Air time: Georg Jensen breathes new life into Nina Koppel’s Fusion design
Nina Koppel’s Fusion ring marked a key moment for Georg Jensen jewellery on its debut in 2000, signalling a departure from the Danish design house’s silver tradition for a first flirtation with gold. Stacking rings are a mainstay of contemporary jewellery design but Koppel was ahead of the game with Fusion – a modular jewellery system comprised of an undulating set of rings, in rose, yellow or white gold. Beautifully engineered to fit seamlessly together, Fusion presents a jigsaw of options for the wearer and in it an element of personalisation. It’s still one of Georg Jensen’s most popular designs.

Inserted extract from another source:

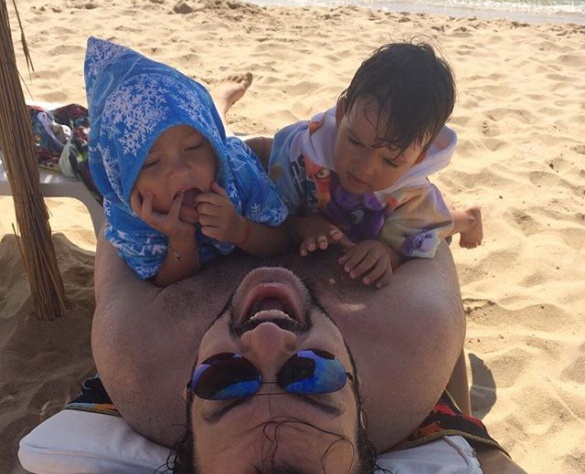 Співак опублікував на своїй сторінці в мікроблозі зворушливі "пляжні" знімки з сином Мартіном і дочкою Аллою-Вікторією.

Now, on the eve of its twentieth anniversary, an updated Fusion collection is launched – and it has grown, with bangles, pendants and earrings. This new incarnation also reminds us Koppel is one of the unseen greats of jewellery design.
After studying textile design at the Kunsthåndværkerskolen, Denmark’s School of Arts and Crafts, Koppel set up a workshop in central Copenhagen, where she collaborated with other designers, focusing on interior furnishings as well as textiles. Her 47-hue ‘Tonus’ design for Kvadrat, which she created for the textile specialist in the Sixties, was one of the first elastic-backed woollen fabrics. It was initially used on the Jørgen Rasmussen office chair.

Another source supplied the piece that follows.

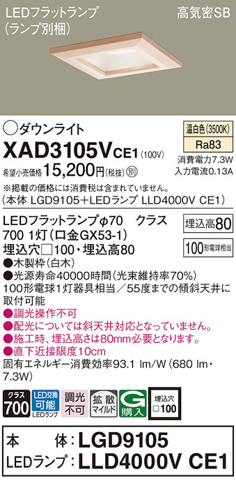 Panasonic ¥À¥¦¥ó¥é¥¤¥È XAD3105VCE1

There’s a strong sense of Koppel’s textile work in Fusion. ‘The core of the Fusion designs is the fluid lines that signify them,’ says Georg Jensen chief creative officer Nicholas Manville. ‘It was important to keep a strong sense of movement as the foundation on which to create the new pieces.’ The original designs were engineered as a locking system, and as such the silhouettes were rigid, with minimal space between the pieces to make a whole.
The new collection stays true to Koppel’s original design – which she devised in 1987 – with lighter, elongated lines. Rather than add something new, Manville and his team have toyed with the organic origins of Fusion. By creating spaces between the wave lines the focus is on the outlines themselves. Or, as Manville puts it: ‘The new pieces are almost an animation of what happens before the elements come together – or fuse.’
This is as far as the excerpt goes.